He’s not alone in this view. Indeed, look at the business news closely enough and you’ll find the frequent refrain that corporate bureaucracies are failing. In 2011 – when everyone was watching Nokia’s attempts to remake itself – Mary McDowell, the head of its mobile phone division, observed that the business was weighed down by bureaucracy. “Somewhere along the way, the process became the product,” she told the Financial Times. And last year – when the debate over executives’ pay was once more ignited – Will Hutton, of the Work Foundation, bitterly accused many businessmen of wanting “capitalist pay for running a corporate bureaucracy”.

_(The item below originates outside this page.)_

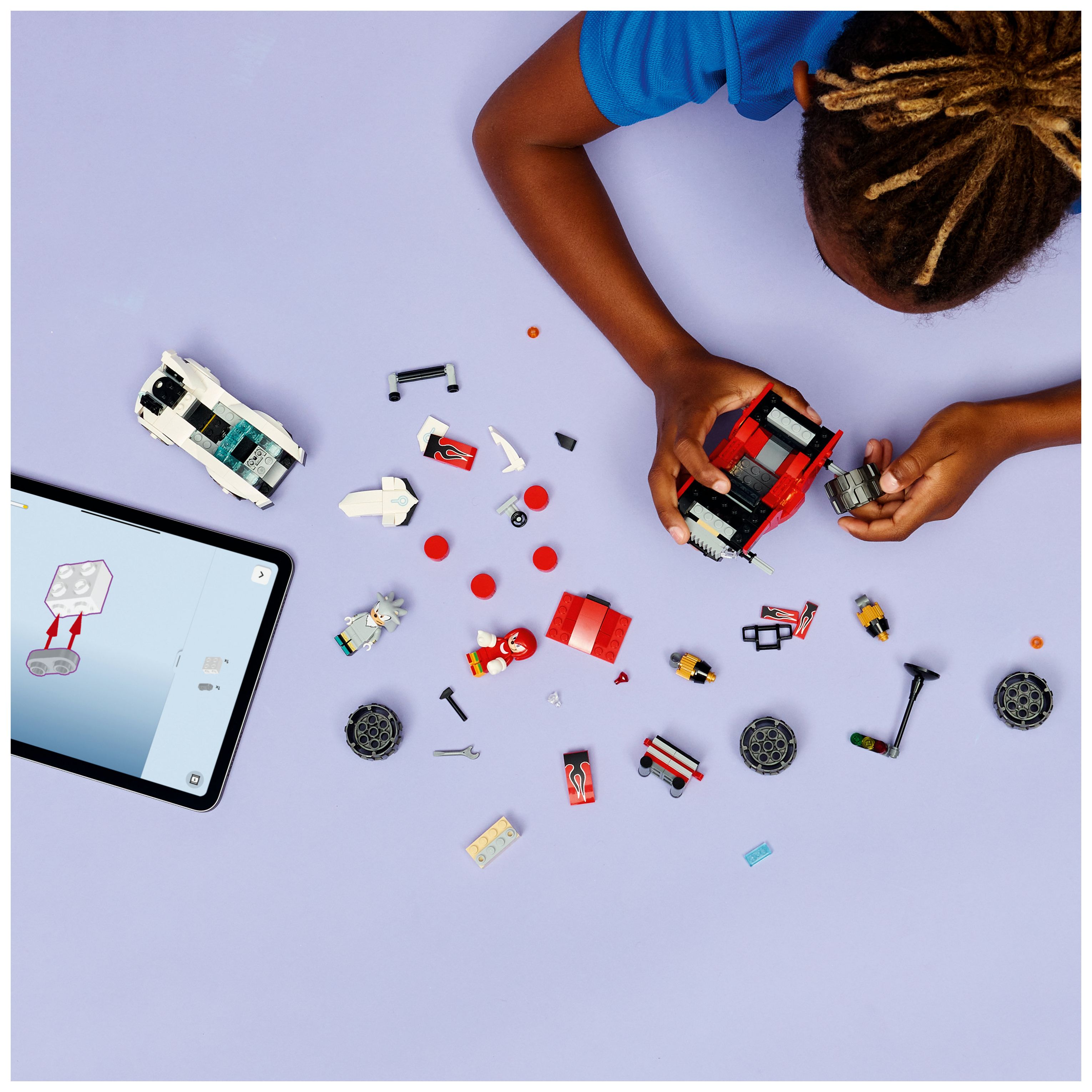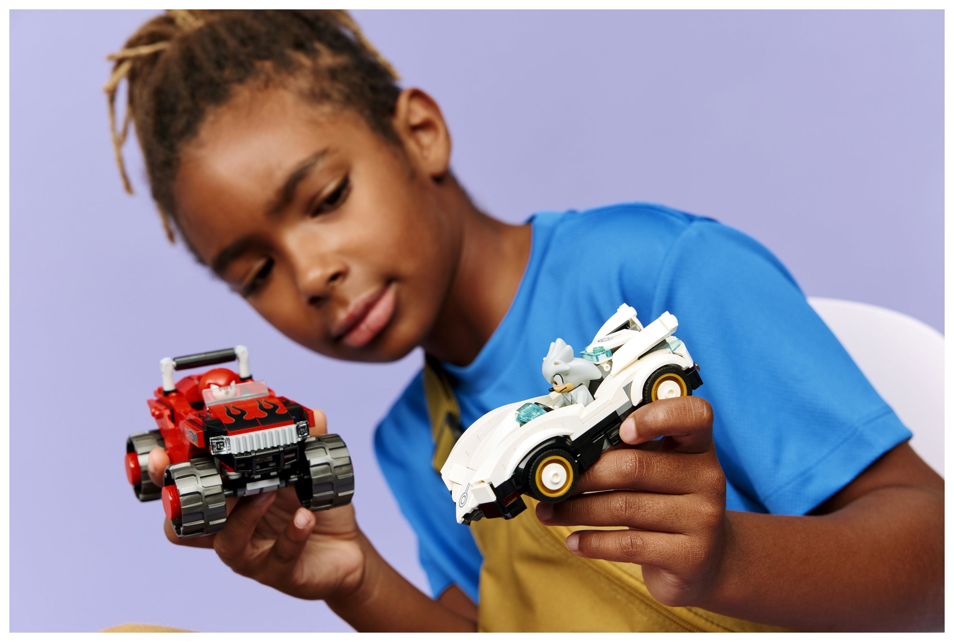 SONIC THE HEDGEHOG™ SPIELZEUG: Kinder und Gamer ab 8 Jahren können 2 Fahrzeuge in spannende Rennen schicken. Das Bauset zum Videospiel beinhaltet außerdem die Minifiguren Silver und Knuckles für jede Menge Actionspaß

Much chatter has followed Kotter’s article, especially on the internet. And his latest idea has been met with welcome from a devoted fanbase. According to Ruben van der Laan, a Dutch innovation consultant who has worked with the BBC, ABN Amro and the Dutch Ministry of Justice, and has interviewed Kotter for his website: “There is definitely value in what he says because it helps people think about how to organise innovation within a company.” Meanwhile, Julian Birkinshaw, a professor of strategic management at the London Business School, described Kotter’s thinking as “elegant”.

And yet, for all the praise directed at the dual operating system, some lingering doubts remain.

The scepticism begins with a nod to time constraints. Birkinshaw’s claim that Kotter’s idea is “elegant” is borne out of its effort to be inclusive and involve many people at all levels. For Kotter, this step is critical because it is a core element of how a company would have looked in its start-up stage, with all hands – whatever their rank – to the helm. But at the same time, Birkinshaw believes this element could be Kotter’s flaw. According to him, people simply do not have the available time to dedicate themselves to a secondary strategic network in addition to their day-to-day jobs. As a result, the project becomes inherently unsustainable.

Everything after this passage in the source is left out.